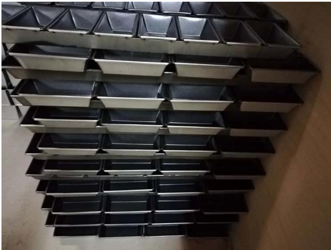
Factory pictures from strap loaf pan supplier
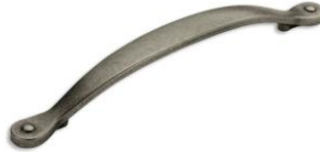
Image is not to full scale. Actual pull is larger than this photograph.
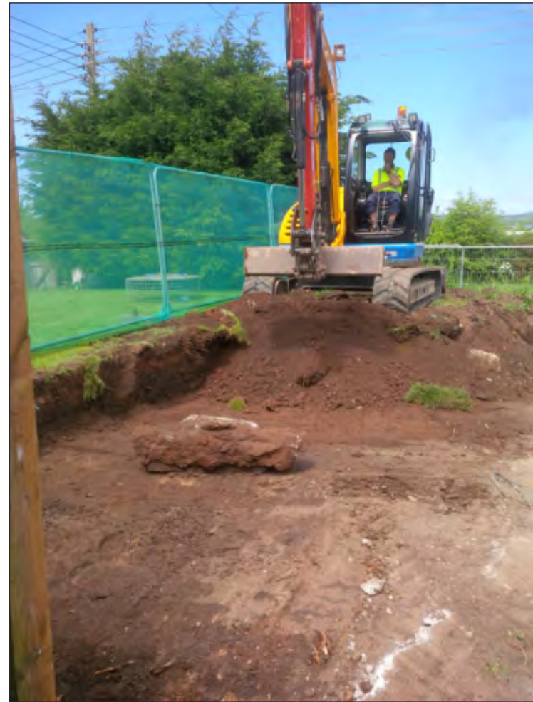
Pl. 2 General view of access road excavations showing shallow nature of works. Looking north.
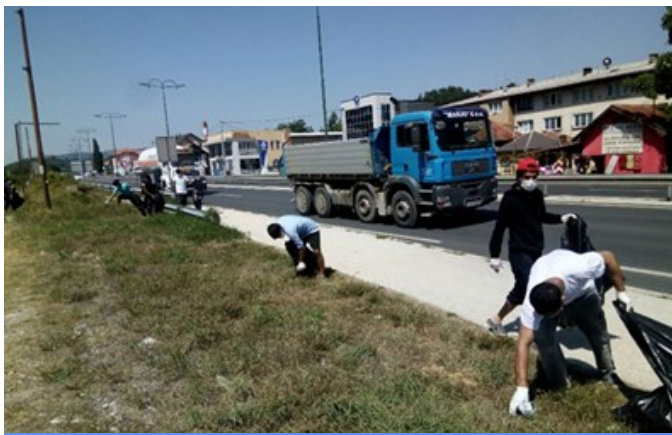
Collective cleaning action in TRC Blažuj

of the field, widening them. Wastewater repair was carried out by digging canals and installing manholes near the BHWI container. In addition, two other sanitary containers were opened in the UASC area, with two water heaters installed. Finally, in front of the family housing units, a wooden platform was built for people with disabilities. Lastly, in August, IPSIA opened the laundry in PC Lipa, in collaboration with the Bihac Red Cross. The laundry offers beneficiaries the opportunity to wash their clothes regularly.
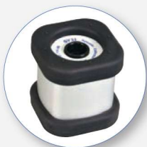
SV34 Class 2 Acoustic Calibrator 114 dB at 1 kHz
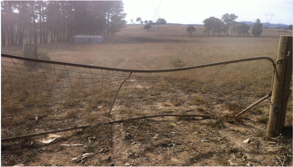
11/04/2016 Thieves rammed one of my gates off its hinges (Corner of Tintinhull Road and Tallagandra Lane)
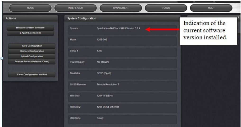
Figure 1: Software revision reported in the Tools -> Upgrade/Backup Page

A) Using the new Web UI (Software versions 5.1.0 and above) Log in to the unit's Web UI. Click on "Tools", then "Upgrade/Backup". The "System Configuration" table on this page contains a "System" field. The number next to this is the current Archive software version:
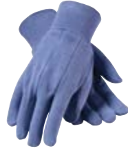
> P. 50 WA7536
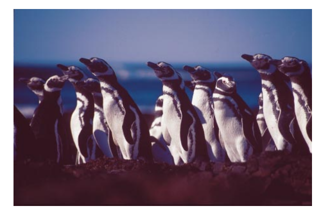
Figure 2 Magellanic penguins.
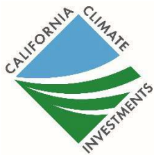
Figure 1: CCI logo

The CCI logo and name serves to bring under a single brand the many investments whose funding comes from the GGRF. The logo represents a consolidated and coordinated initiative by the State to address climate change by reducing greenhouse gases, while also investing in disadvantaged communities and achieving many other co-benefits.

---

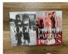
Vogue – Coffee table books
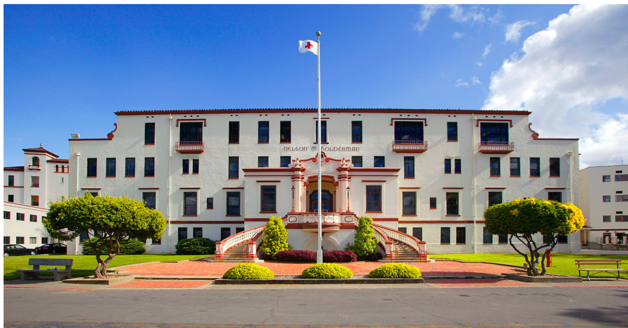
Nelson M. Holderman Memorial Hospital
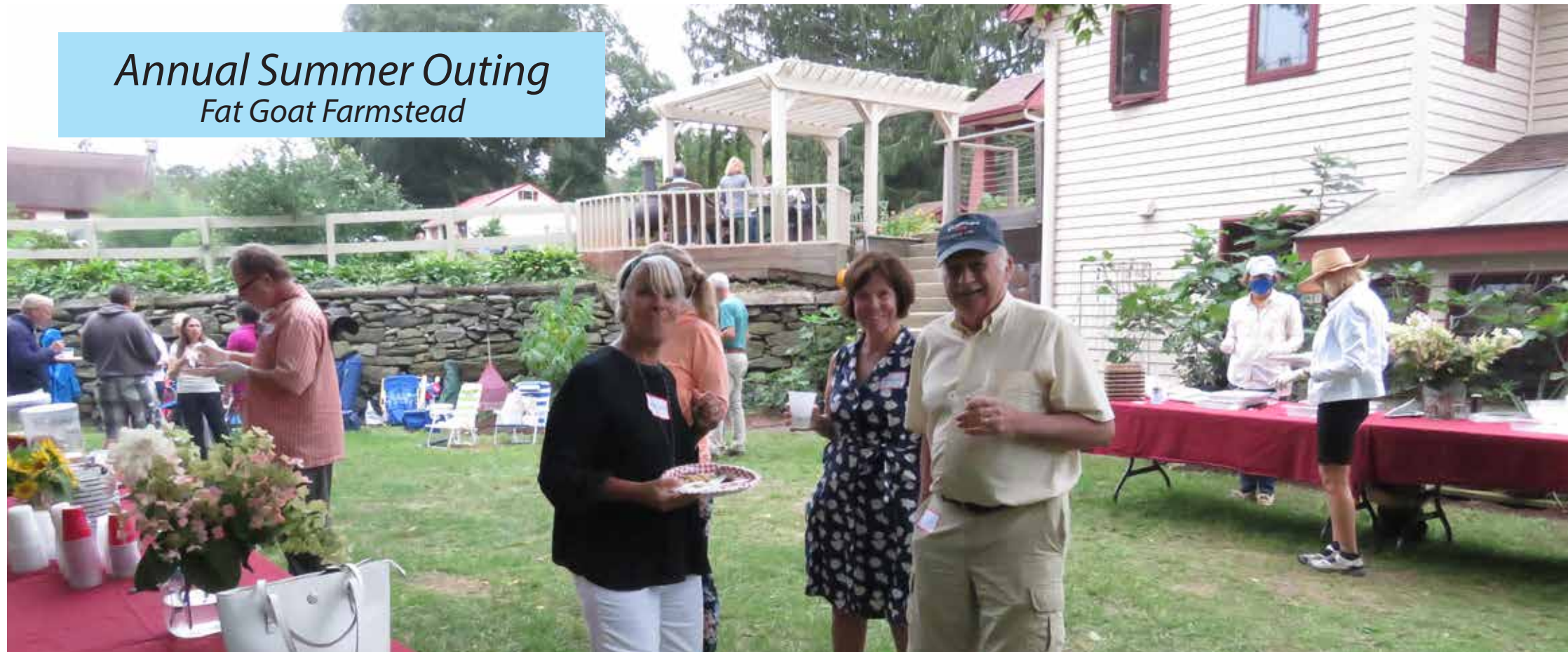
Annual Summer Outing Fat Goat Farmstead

_Work request_. The answer is the lines above from the one with "A) Using the" to the one with "Figure 1: CCI logo", set down exactly, with no pictures.

_Written solution_.
A) Using the new Web UI (Software versions 5.1.0 and above) Log in to the unit's Web UI. Click on "Tools", then "Upgrade/Backup". The "System Configuration" table on this page contains a "System" field. The number next to this is the current Archive software version:
> P. 50 WA7536
Figure 2 Magellanic penguins.
Figure 1: CCI logo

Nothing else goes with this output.